§ Supplied material

'''

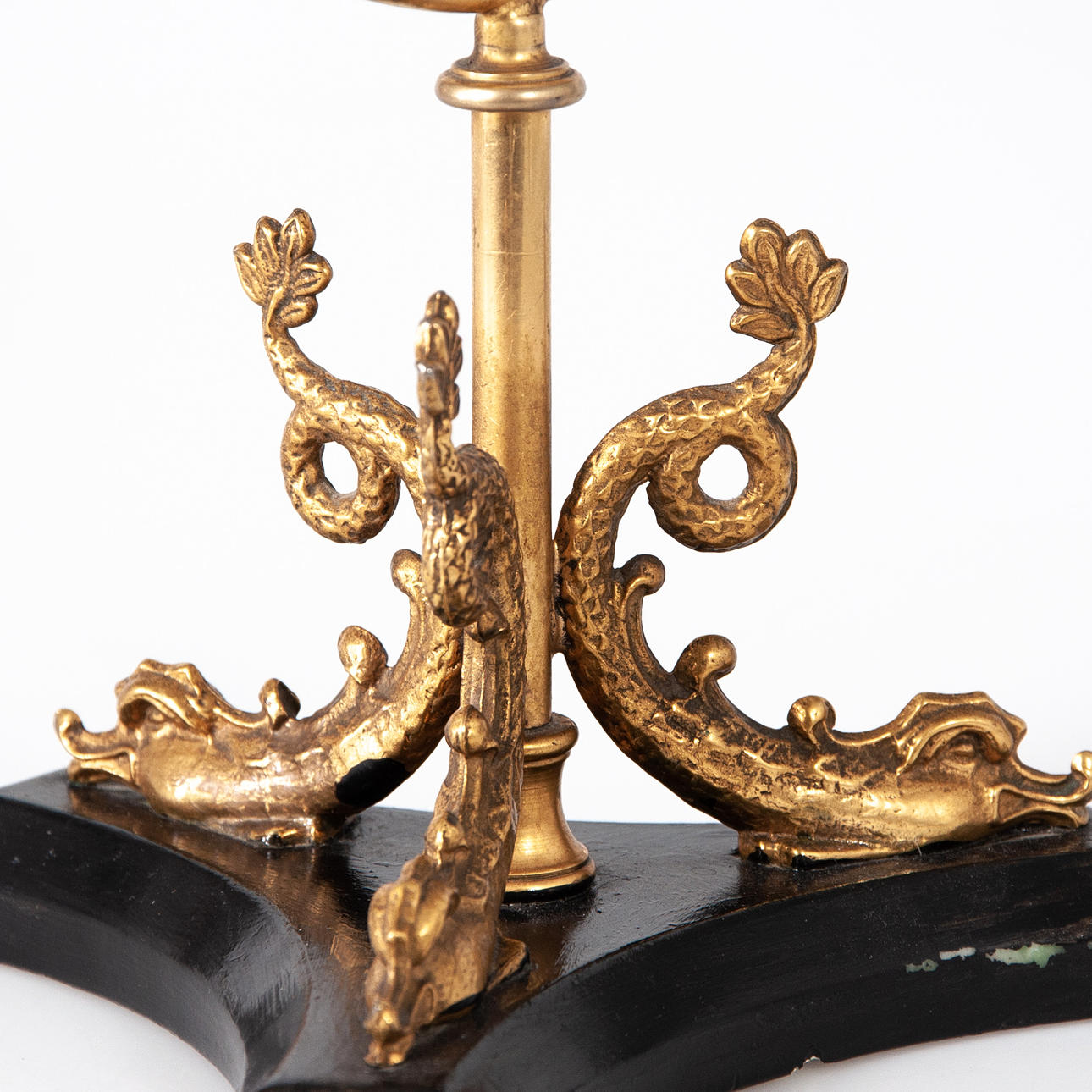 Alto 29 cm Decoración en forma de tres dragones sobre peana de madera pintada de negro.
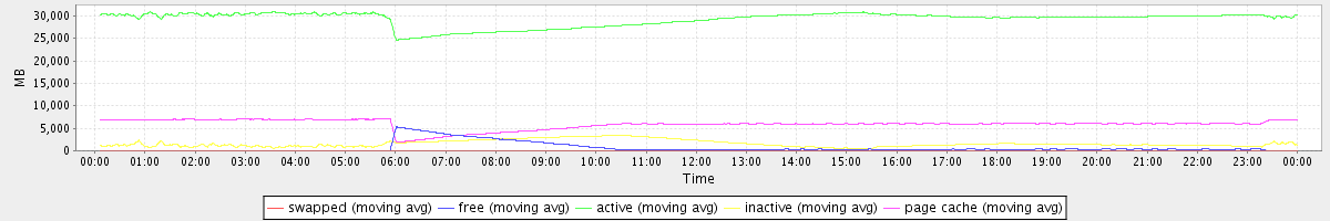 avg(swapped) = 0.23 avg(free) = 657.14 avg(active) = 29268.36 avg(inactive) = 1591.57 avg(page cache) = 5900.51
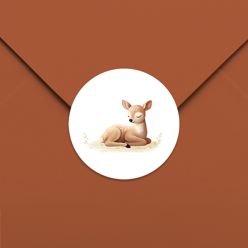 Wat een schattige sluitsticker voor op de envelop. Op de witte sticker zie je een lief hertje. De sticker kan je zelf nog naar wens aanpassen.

'''

§ Task brief
Repeat the listing word for word, omitting the pictures.

§ Response for this exercise
 Alto 29 cm Decoración en forma de tres dragones sobre peana de madera pintada de negro.
 avg(swapped) = 0.23 avg(free) = 657.14 avg(active) = 29268.36 avg(inactive) = 1591.57 avg(page cache) = 5900.51
 Wat een schattige sluitsticker voor op de envelop. Op de witte sticker zie je een lief hertje. De sticker kan je zelf nog naar wens aanpassen.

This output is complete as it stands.